* [RECORDS FOR THE EXERCISE]
________
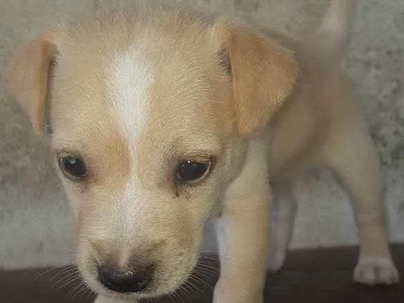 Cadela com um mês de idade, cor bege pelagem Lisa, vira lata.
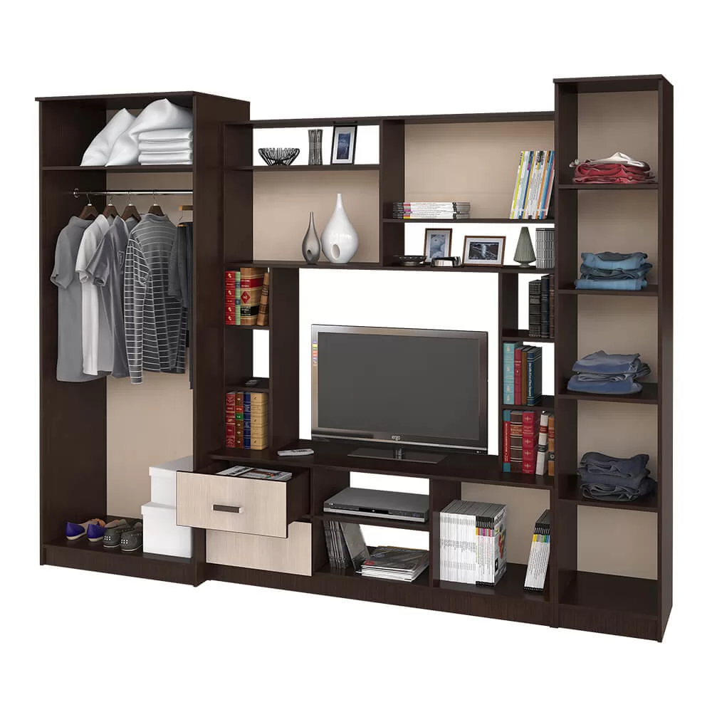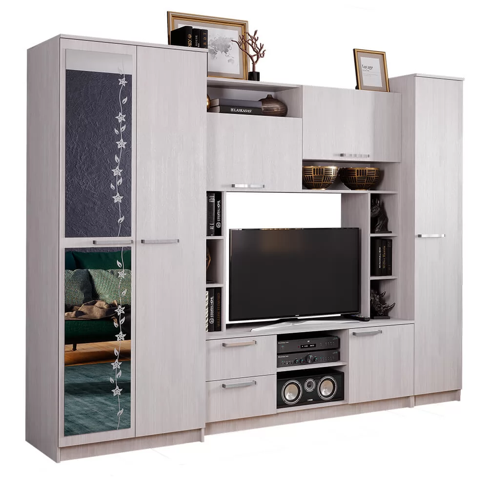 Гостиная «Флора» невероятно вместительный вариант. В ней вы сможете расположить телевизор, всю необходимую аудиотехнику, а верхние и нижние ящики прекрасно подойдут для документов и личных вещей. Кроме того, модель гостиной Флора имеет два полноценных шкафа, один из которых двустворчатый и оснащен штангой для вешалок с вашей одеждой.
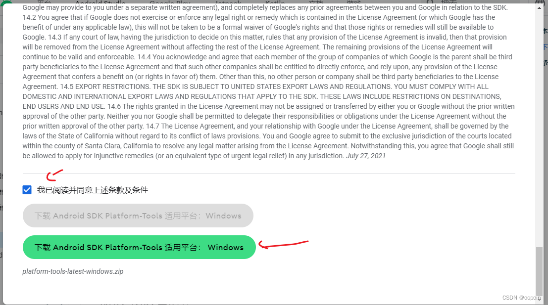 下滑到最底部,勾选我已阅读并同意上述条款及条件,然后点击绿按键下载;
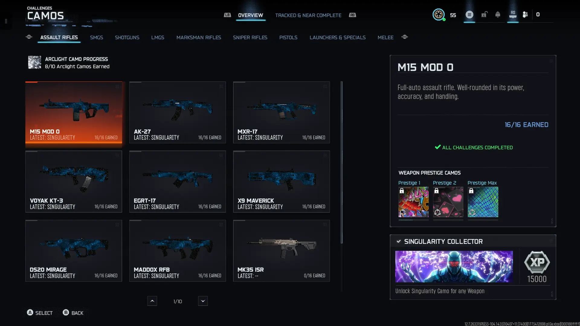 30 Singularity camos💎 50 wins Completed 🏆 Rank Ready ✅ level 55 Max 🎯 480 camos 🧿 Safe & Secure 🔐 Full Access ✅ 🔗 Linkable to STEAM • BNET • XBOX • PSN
________
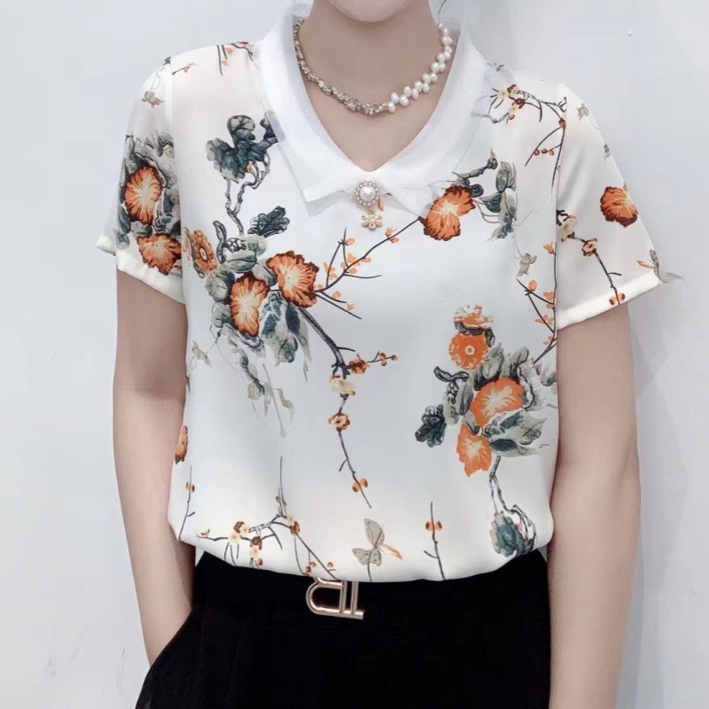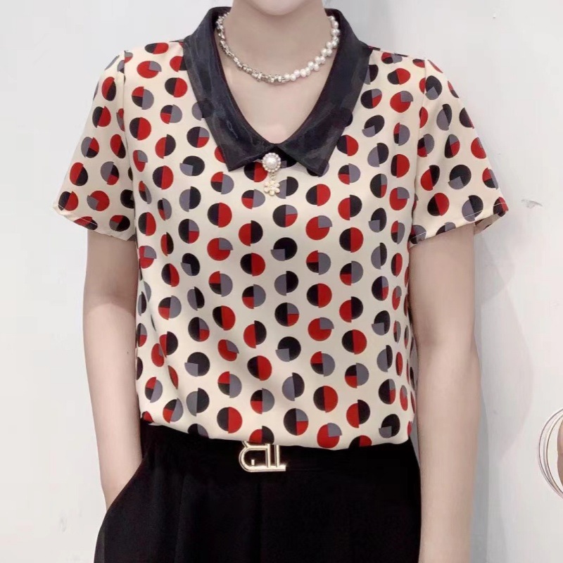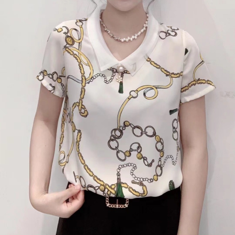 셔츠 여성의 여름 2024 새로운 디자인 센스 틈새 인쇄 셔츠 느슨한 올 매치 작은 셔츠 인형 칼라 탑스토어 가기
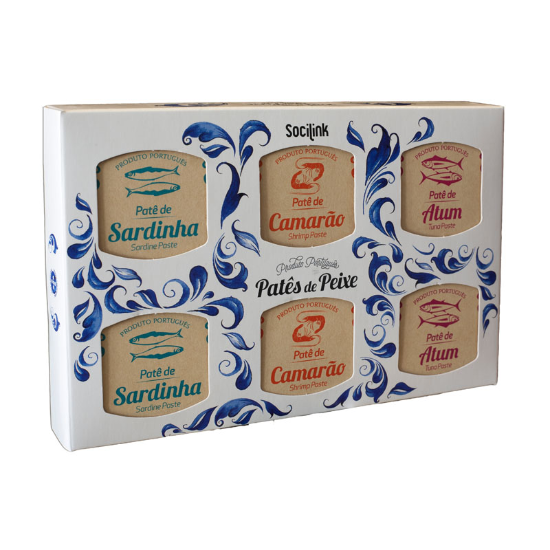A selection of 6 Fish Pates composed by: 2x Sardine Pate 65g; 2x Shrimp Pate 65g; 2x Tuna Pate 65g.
________
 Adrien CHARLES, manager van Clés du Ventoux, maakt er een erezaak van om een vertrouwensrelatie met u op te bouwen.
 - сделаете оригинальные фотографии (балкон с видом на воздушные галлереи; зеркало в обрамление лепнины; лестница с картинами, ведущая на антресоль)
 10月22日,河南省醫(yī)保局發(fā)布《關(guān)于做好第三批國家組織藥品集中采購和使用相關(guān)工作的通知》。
________
* [TASK STATEMENT] Look above and copy only the lines from the one holding "Cadela com um" to the one holding "30 Singularity camos💎", both included, exactly, minus the pictures.

* [EXERCISE ANSWER]
 Cadela com um mês de idade, cor bege pelagem Lisa, vira lata.
 Гостиная «Флора» невероятно вместительный вариант. В ней вы сможете расположить телевизор, всю необходимую аудиотехнику, а верхние и нижние ящики прекрасно подойдут для документов и личных вещей. Кроме того, модель гостиной Флора имеет два полноценных шкафа, один из которых двустворчатый и оснащен штангой для вешалок с вашей одеждой.
 下滑到最底部,勾选我已阅读并同意上述条款及条件,然后点击绿按键下载;
 30 Singularity camos💎 50 wins Completed 🏆 Rank Ready ✅ level 55 Max 🎯 480 camos 🧿 Safe & Secure 🔐 Full Access ✅ 🔗 Linkable to STEAM • BNET • XBOX • PSN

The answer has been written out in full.